La belle et longue histoire d’engagement de Colette Doré Thibault

Encore une fois cette année, Colette Doré Thibault et son équipe ont fait de petits miracles . Photo Médialo Pierre Chartier.
Encore une fois cette année, Colette Doré Thibault et son équipe ont fait de petits miracles . Photo Médialo Pierre Chartier.

Née dans une famille de six enfants où elle était la seule fille, Colette Doré Thibault a su, dès un jeune âge, faire sa place. Cofondatrice de l’organisme Fin à la Faim, elle se réjouit de la route parcourue depuis.

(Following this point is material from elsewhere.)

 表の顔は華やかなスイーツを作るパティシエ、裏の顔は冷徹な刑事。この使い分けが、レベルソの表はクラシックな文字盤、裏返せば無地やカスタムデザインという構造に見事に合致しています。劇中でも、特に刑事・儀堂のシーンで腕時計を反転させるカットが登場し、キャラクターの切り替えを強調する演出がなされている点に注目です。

Son intérêt pour l’engagement communautaire est en quelque sorte inné. Sa famille lui a inculqué rapidement l’importance de se soucier des autres. Dès lors, avec son conjoint, avec qui elle savoure la vie aujourd’hui depuis 42 ans de mariage, ils cherchaient éperdument à redonner.

« On a vu des gens qui étaient en difficulté financière et qui avaient de la misère à nourrir leurs enfants », raconte celle qui s’impliquait à l’époque pour un autre organisme repentignois.

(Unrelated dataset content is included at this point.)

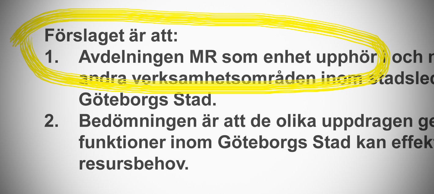 Då sa HR-chefen Karin Åhström endast att ”någon förändring kommer det att bli”, men i interna dokument som GFT nu har tagit del av står det uttryckligen att ”avdelningen MR som enhet upphör”. Enheten jobbar bland annat med hbtq- och antirasistiska frågor, exempelvis genom samråd med olika samhällsgrupper. Enligt de interna handlingarna föreslås MR-avdelningens åtta tjänster att minskas till noll redan i juli.

En 1994, elle fonde l’organisme d’aide alimentaire aux familles et remarque rapidement, par les observations de ses enfants d’âge primaire, des besoins élémentaires manquants chez leurs collègues de classe. « Mon fils me disait : maman, tel ami mange seulement des sandwichs au ketchup, d’autres ont des sacs de plastique dans leurs bottes parce qu’elles sont trouées, un autre n’a pas de bas dans ses pieds », se remémore-t-elle.

Aujourd’hui, forte d’une carrière de 32 ans derrière Fin à la Faim, les besoins sont tout aussi présents, voire plus en raison d’une clientèle grandissante. « Dans les dernières années, le coût de la vie est tellement cher, c’est rendu des gens de la classe moyenne, des travailleurs, mais ils ne font pas assez pour faire vivre leur famille convenablement », remarque-t-elle.

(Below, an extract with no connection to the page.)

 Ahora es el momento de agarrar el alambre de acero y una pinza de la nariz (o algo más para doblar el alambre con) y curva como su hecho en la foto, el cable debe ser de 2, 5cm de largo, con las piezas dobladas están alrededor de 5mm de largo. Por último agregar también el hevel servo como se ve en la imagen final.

Des bénéficiaires nombreux

En pleine collecte d’informations dans le cadre de leur rapport annuel, les chiffres sont frappants. En moyenne, 217 familles ont bénéficié de leur service, en plus des 30 000 portions distribuées. « C’est énormément de monde. Ça vient aussi avec certains défis. Nous sommes chanceux, notre banque alimentaire s’approvisionne de tous les commerces de la région en raison de notre durabilité. On a fait nos preuves », affirme-t-elle.

Il demeure que pour redonner autant, il faut être entouré. Colette peut compter sur l’apport de six employés et plus de 80 bénévoles. C’est sans oublier leur comité de levée de fonds, mené par des gens d’affaires tel Peter Fogarty, qui en est à sa 15e année à titre de président d’honneur.

« Il y a toujours eu les bonnes personnes autour de moi. Si Fin à la faim est devenu ce que c’est, c’est grâce à tous les gens qui se sont greffés autour de cette mission-là », conclut-elle.